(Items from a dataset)
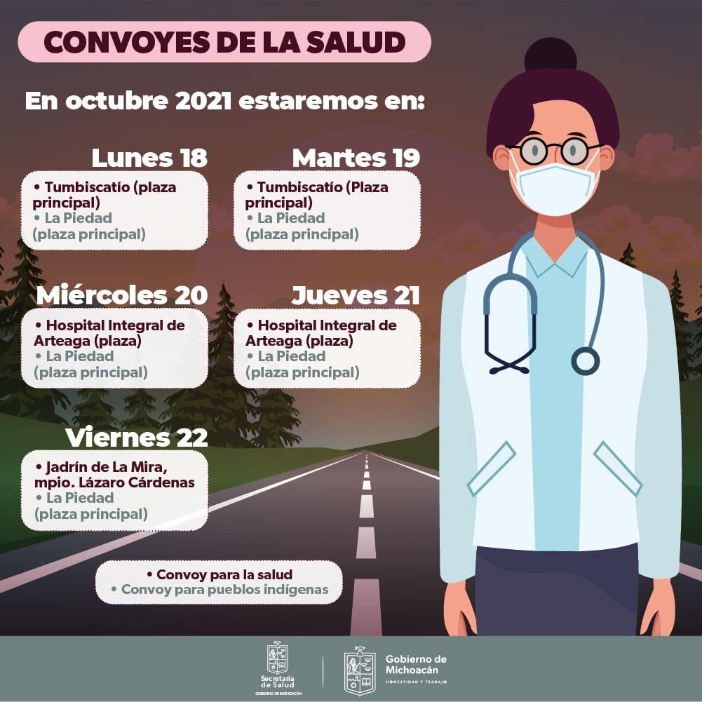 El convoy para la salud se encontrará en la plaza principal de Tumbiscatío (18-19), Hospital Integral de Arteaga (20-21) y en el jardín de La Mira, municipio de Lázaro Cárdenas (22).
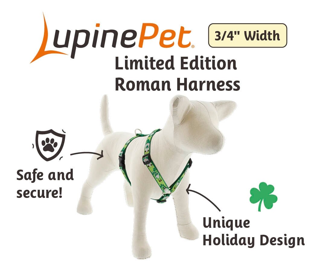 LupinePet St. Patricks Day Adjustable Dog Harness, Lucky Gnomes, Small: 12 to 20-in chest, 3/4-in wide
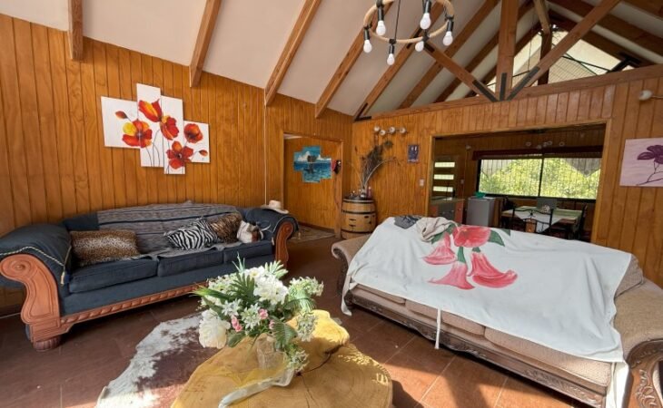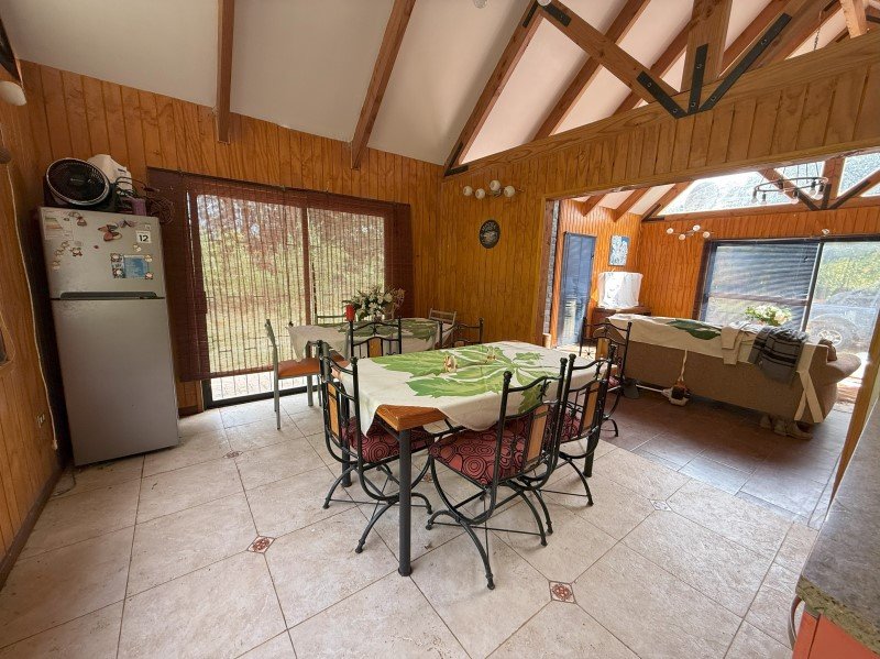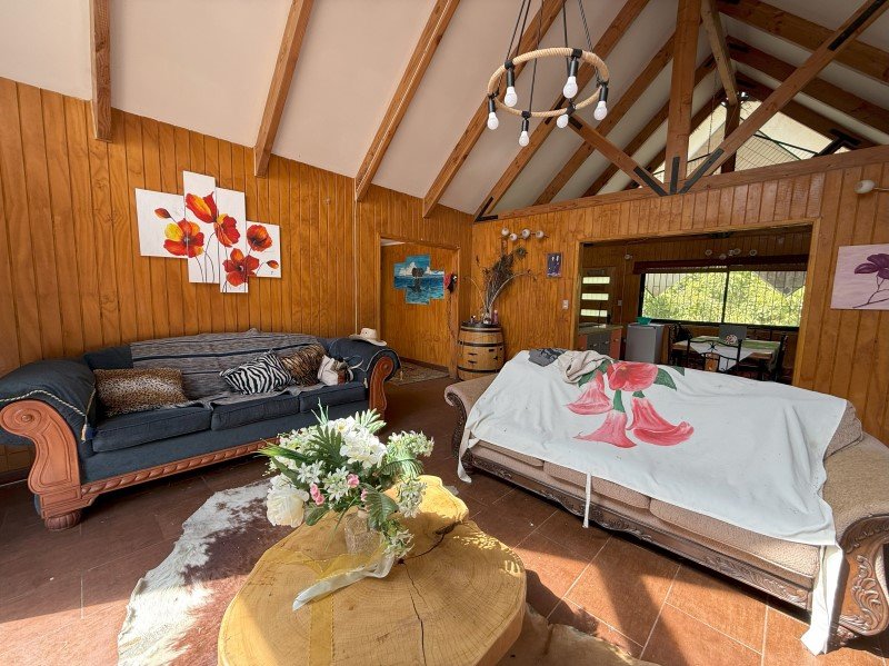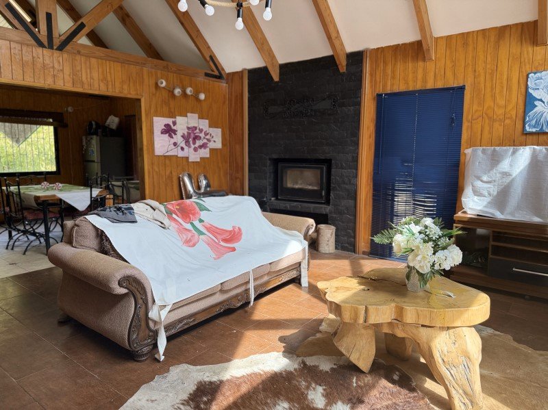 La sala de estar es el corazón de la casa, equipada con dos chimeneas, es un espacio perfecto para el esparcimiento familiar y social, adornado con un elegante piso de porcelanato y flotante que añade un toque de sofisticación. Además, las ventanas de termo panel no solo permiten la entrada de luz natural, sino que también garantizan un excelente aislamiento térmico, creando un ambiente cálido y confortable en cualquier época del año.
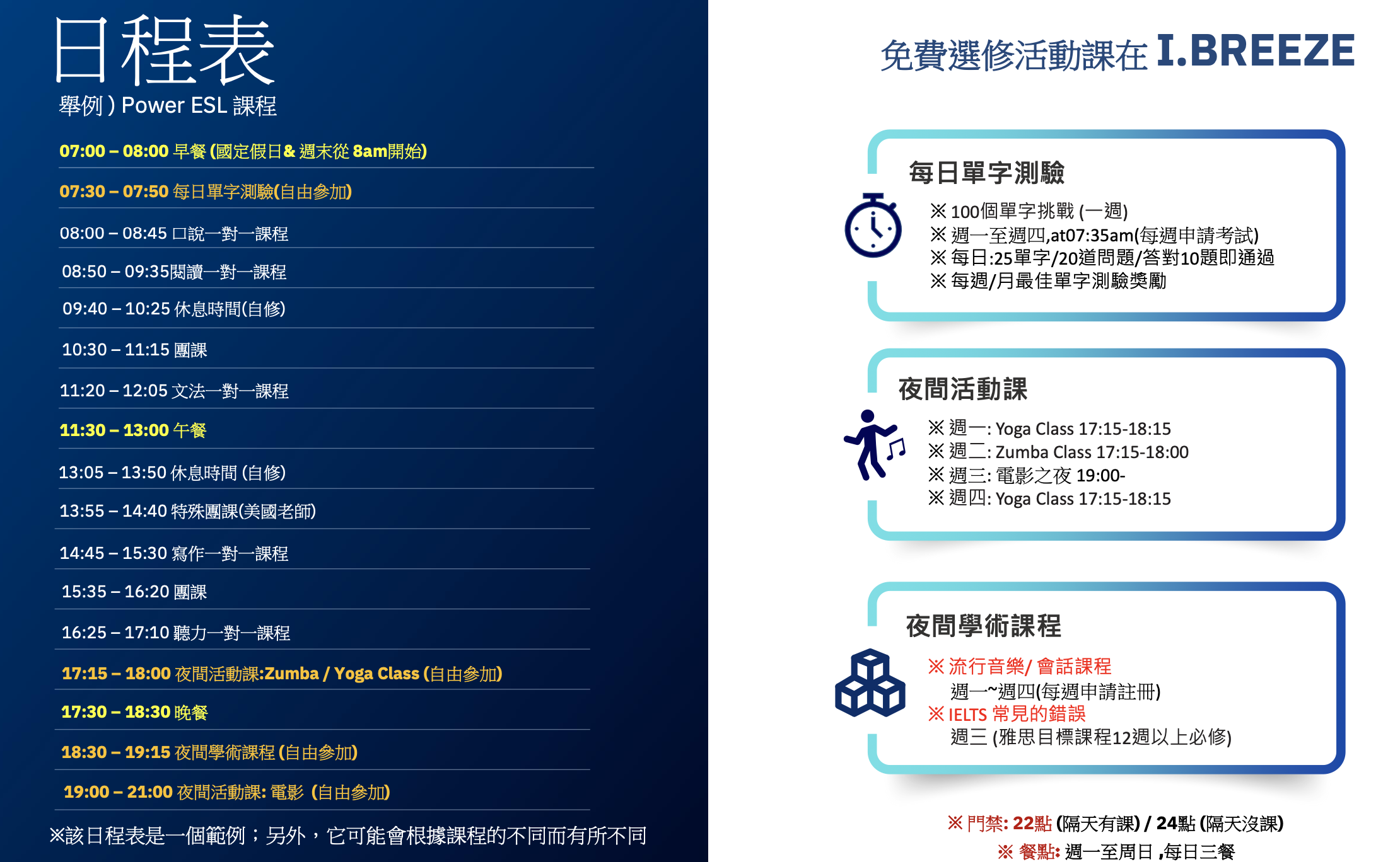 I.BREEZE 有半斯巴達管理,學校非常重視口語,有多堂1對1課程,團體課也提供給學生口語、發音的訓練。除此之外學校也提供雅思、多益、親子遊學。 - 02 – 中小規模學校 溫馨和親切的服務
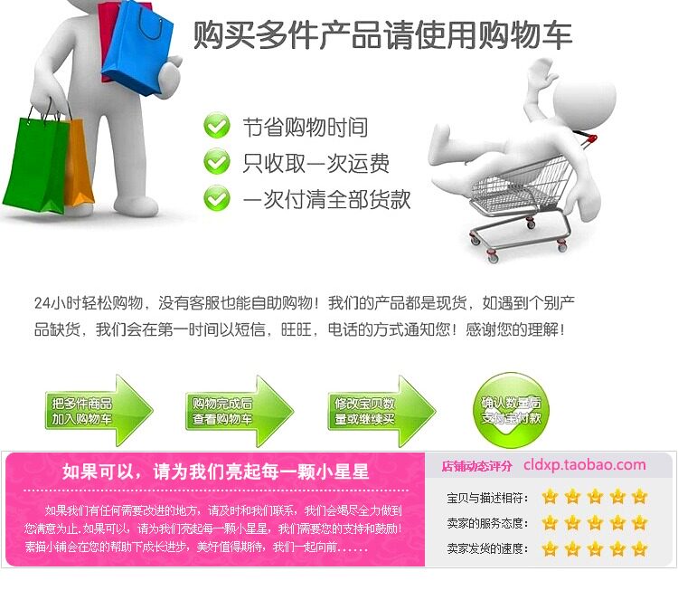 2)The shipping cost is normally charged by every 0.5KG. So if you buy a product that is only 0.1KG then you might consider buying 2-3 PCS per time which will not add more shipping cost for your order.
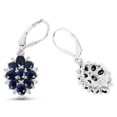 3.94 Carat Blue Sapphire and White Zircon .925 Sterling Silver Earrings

What needs to be done: Repeat exactly the lines from the first line of the records above through the line containing "02 – 中小規模學校 溫馨和親切的服務", leaving out the pictures.

Answer section:
 El convoy para la salud se encontrará en la plaza principal de Tumbiscatío (18-19), Hospital Integral de Arteaga (20-21) y en el jardín de La Mira, municipio de Lázaro Cárdenas (22).
 LupinePet St. Patricks Day Adjustable Dog Harness, Lucky Gnomes, Small: 12 to 20-in chest, 3/4-in wide
 La sala de estar es el corazón de la casa, equipada con dos chimeneas, es un espacio perfecto para el esparcimiento familiar y social, adornado con un elegante piso de porcelanato y flotante que añade un toque de sofisticación. Además, las ventanas de termo panel no solo permiten la entrada de luz natural, sino que también garantizan un excelente aislamiento térmico, creando un ambiente cálido y confortable en cualquier época del año.
 I.BREEZE 有半斯巴達管理,學校非常重視口語,有多堂1對1課程,團體課也提供給學生口語、發音的訓練。除此之外學校也提供雅思、多益、親子遊學。 - 02 – 中小規模學校 溫馨和親切的服務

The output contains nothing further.